Dr. Soper glanced in her direction so quickly that Mary wondered if she had imagined it. He smoothed the lapel of his jacket.
“And I was unsuccessful. Neither she nor her companion would listen. It’s possible that the first time I met Miss Mallon I was too abrupt, too scientific about the problem. I’ll grant that. I had a sense of urgency when I went to see her at the Bowen residence, and perhaps I didn’t consider her feelings. When I visited her at her own rooms, I tried a different tack. When she saw it was me at her door, she shouted, ‘What do you want with me?’ So I asked her very calmly, ‘Haven’t you noticed that disease and death follow you wherever you go?’ ”

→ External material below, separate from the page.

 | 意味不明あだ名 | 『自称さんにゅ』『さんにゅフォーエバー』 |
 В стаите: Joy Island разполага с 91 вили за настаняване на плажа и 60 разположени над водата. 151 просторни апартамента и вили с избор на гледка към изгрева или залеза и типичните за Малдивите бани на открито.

He was telling the truth about what he’d said, but Mary remembered his tone, and it wasn’t calm. It was an accusation. Still standing at the door, Alfred had looked back and forth between them, and then stepped away. She remembered shouting, but not what she’d said. She remembered that he seemed to grow more calm as she got more upset.

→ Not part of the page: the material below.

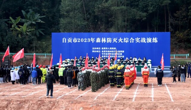 1月18日,自贡市2023年森林防灭火综合实战演练在自流井区荣边镇尖山村11组土地垇拉开帷幕。此次演练设置信息报告、疏散转移、秩序维护等10个科目,旨在进一步磨合机制、检验预案、锻炼队伍、完善准备,提升自贡市应对森林火灾的应急处置能力。市政府副市长、市森防指常务副指挥长、自流井区委书记黄雪智出席演练并做演练点评,市森防指副指挥长、市应急局局长施东良宣布演练开始,市、区14支演练队伍200余人参演,市森防指各成员单位主要负责、分管负责同志及各区县森防指指挥长、应急局局长、自然资源和规划局局长现场参加观摩。
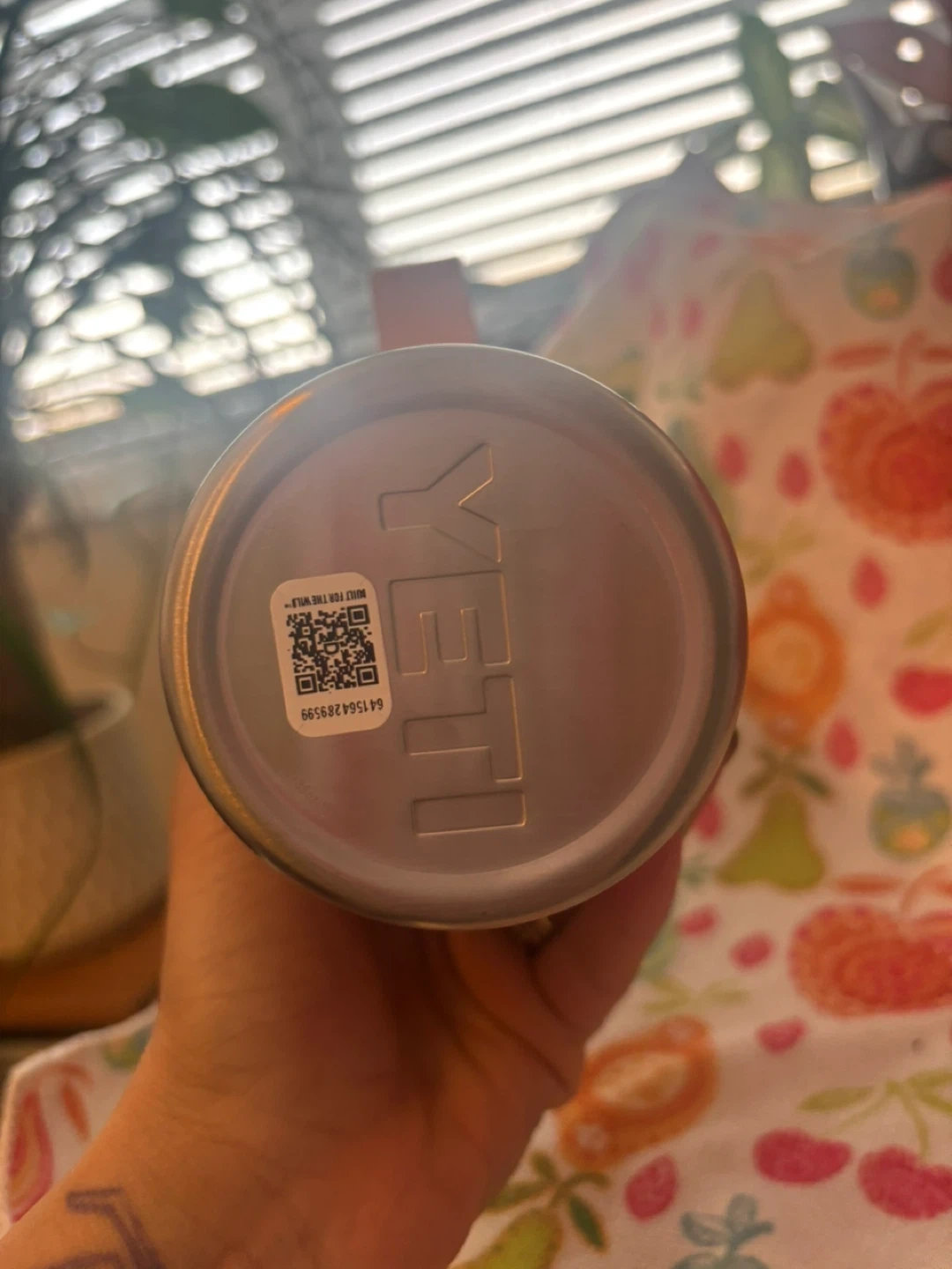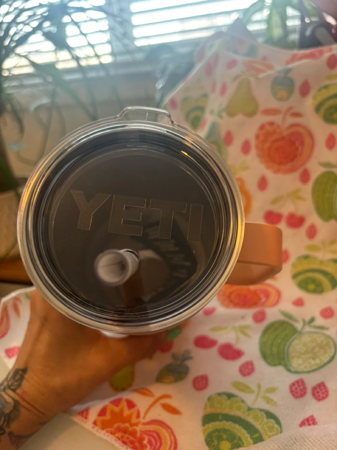 This is a Yeti Rambler tumbler, 30 oz capacity, with a handle and straw lid.

“And what was her response?”
“Anger, as far as I could tell. Once again, she came after me with a knife.”
A knife with a blade so dull it could barely cut butter, Mary thought. She’d wanted to argue with him that day, but she couldn’t make sense of what he was saying, couldn’t get past the jolt of seeing him again. Disease and death didn’t follow her any more than they followed anyone else. People had been dying her whole life. First her father, in a fire. Then her mother, of a cough. Then, a few years later, her brother, then her other brother, then her sister in childbirth, then her sister’s two babies, and then her beloved nana while Mary was en route to America. Had they had fevers? She supposed they had, but she couldn’t remember, and anyway, those sicknesses that kill a person always come with fever, and in Ireland they didn’t name their fevers. People became sick. They died. She never heard the word Typhoid until she came to America.
“Was this the first time you learned that she had a companion?” The attorney checked his notes. “Mr. Alfred Briehof?”
“Yes.”
“And what can you tell us about that?”
“When I first arrived at the address the agency had provided to me, I saw Mary outside on the stoop, presumably having just arrived home. I was about to announce myself, but a man approached and embraced her. On the street. I assumed she was engaged to be married, but I’ve since discovered that she is not. It was Mr. Briehof who answered my knock when I tried to speak to her at the door to their rooms not ten minutes later.”